**WHAT TO DO:**
From the first line to the last, repeat the data exactly but leave out the pictures.

**STORED DATA:**
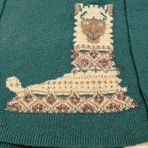 Stay cozy and stylish with this charming teal sweater featuring a playful alpaca design. Perfect for adding a touch of fun to your wardrobe.
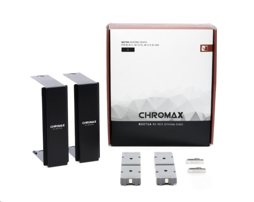Kryty chladiča NA-HC4 chromax.black sú doplnkovým príslušenstvom pre oceňované chladiče CPU NH-D15, NH-D15S a NH-D15 SE-AM4 od spoločnosti Noctua. Vyrobené z vysoko kvalitného hliníka s čiernym práškovým nástrekom, umožňujú používateľom dodať chladiču elegantný, nenápadný vzhľad, ktorý sa skvele hodí do celočiernych zostáv a dobre ladí s mnohými ďalšími obľúbenými farebnými schémami. Vďaka jednoduchej a priamočiarej inštalácii trvá zmena vzhľadu chladiča NH-D15(S) len pár minút a nevyžaduje ani jeho demontáž z procesora. V kombinácii s ventilátormi chromax.black.swap edície NF-A15 vám dva kryty NA-HC4 chromax.black dávajú možnosť zmeniť váš NH-D15(S) na celý čierny výkonný stroj, ktorý vyzerá rovnako skvelo, ako chladí.
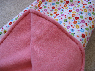 I had found this cute apple fabric on clearance and had to get it b/c it is pink and red. I then found the pink fuzzy backing on sale, too. This probably cost me about $5 to make!
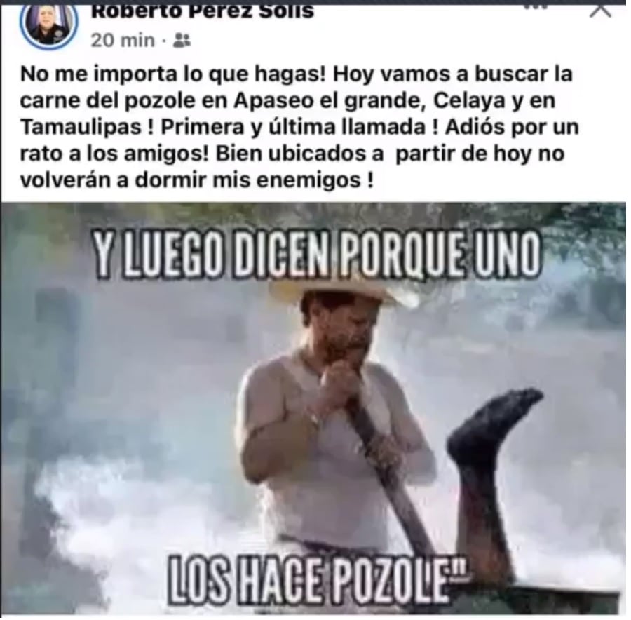 En redes sociales, Pérez Solís subió una imagen que hace alusión a un ‘pozolero’ criminal con la leyenda "Y luego dicen porque uno los hace pozole".

**TASK OUTPUT:**
 Stay cozy and stylish with this charming teal sweater featuring a playful alpaca design. Perfect for adding a touch of fun to your wardrobe.
Kryty chladiča NA-HC4 chromax.black sú doplnkovým príslušenstvom pre oceňované chladiče CPU NH-D15, NH-D15S a NH-D15 SE-AM4 od spoločnosti Noctua. Vyrobené z vysoko kvalitného hliníka s čiernym práškovým nástrekom, umožňujú používateľom dodať chladiču elegantný, nenápadný vzhľad, ktorý sa skvele hodí do celočiernych zostáv a dobre ladí s mnohými ďalšími obľúbenými farebnými schémami. Vďaka jednoduchej a priamočiarej inštalácii trvá zmena vzhľadu chladiča NH-D15(S) len pár minút a nevyžaduje ani jeho demontáž z procesora. V kombinácii s ventilátormi chromax.black.swap edície NF-A15 vám dva kryty NA-HC4 chromax.black dávajú možnosť zmeniť váš NH-D15(S) na celý čierny výkonný stroj, ktorý vyzerá rovnako skvelo, ako chladí.
 I had found this cute apple fabric on clearance and had to get it b/c it is pink and red. I then found the pink fuzzy backing on sale, too. This probably cost me about $5 to make!
 En redes sociales, Pérez Solís subió una imagen que hace alusión a un ‘pozolero’ criminal con la leyenda "Y luego dicen porque uno los hace pozole".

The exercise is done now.